SPAC Material Adverse Effect definition
Examples of SPAC Material Adverse Effect in a sentence
There is no unsatisfied judgment or open injunction binding upon SPAC that would, individually or in the aggregate, reasonably be expected to have a SPAC Material Adverse Effect.
There is no Action pending, or, to the Knowledge of SPAC, threatened Action against SPAC, or, to the Knowledge of SPAC, any of its directors or officers (in their capacity as such) or otherwise affecting SPAC or its assets nor is any Order outstanding, against or involving SPAC, whether at law or in equity, before or by any Governmental Authority, which, in each case, would reasonably be expected to have a SPAC Material Adverse Effect.

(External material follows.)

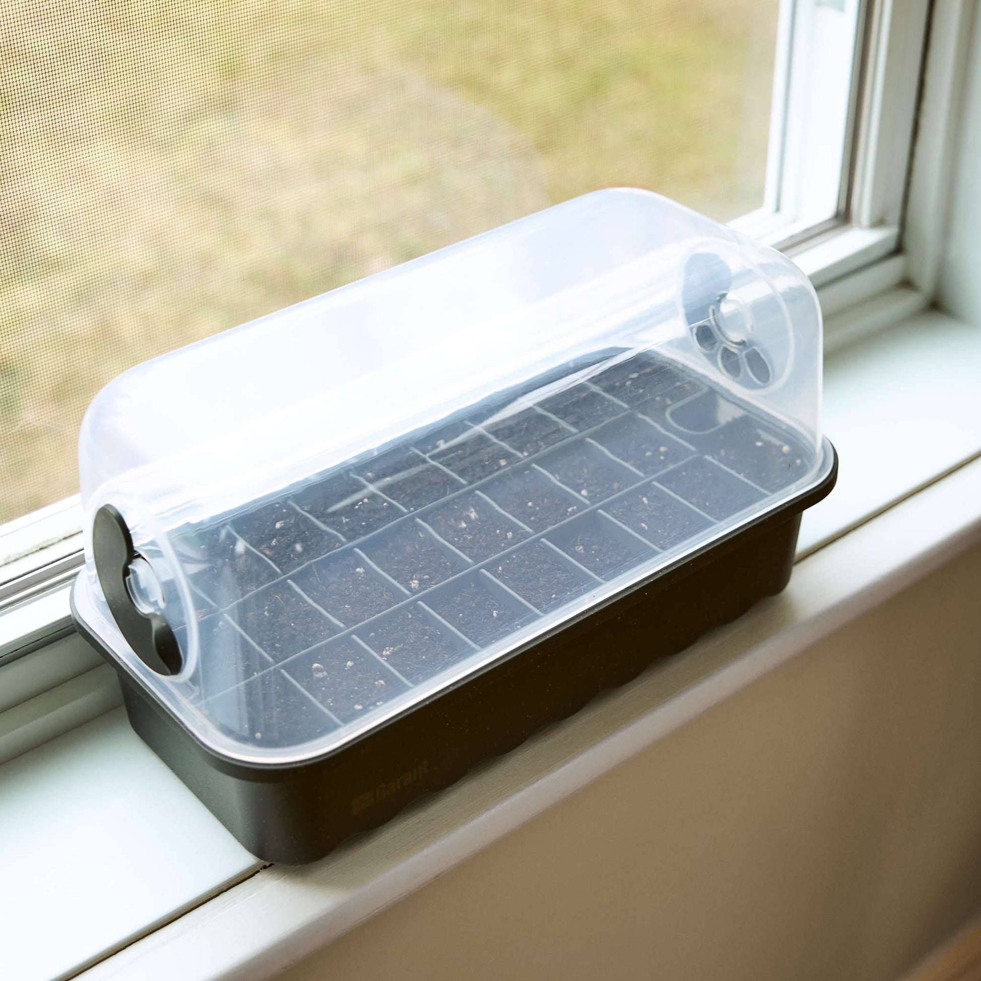 Doté d'un dôme avec système d'aération, il permet de contrôler l'humidité, assurant ainsi une germination plus rapide et efficace de vos semis. Il suffit de fermer les orifices à l'aide de la roulette sur le côté pour offrir plus d'humidité. Au fur et à mesure que les plants grandissent, vous pouvez augmenter la circulation d'air en tournant la roulette. Simple, mais ingénieux.

SPAC is not in violation of any term or provision of any Order to which it is party or by which it is bound which has had or would reasonably be expected to have, individually or in the aggregate, a SPAC Material Adverse Effect.
SPAC has reported to its insurers all claims and pending circumstances that would reasonably be expected to result in a claim, except where such failure to report such a claim would not be reasonably likely to have a SPAC Material Adverse Effect.
There has not been any Event that has had, or would reasonably be expected to have, individually or in the aggregate, a SPAC Material Adverse Effect.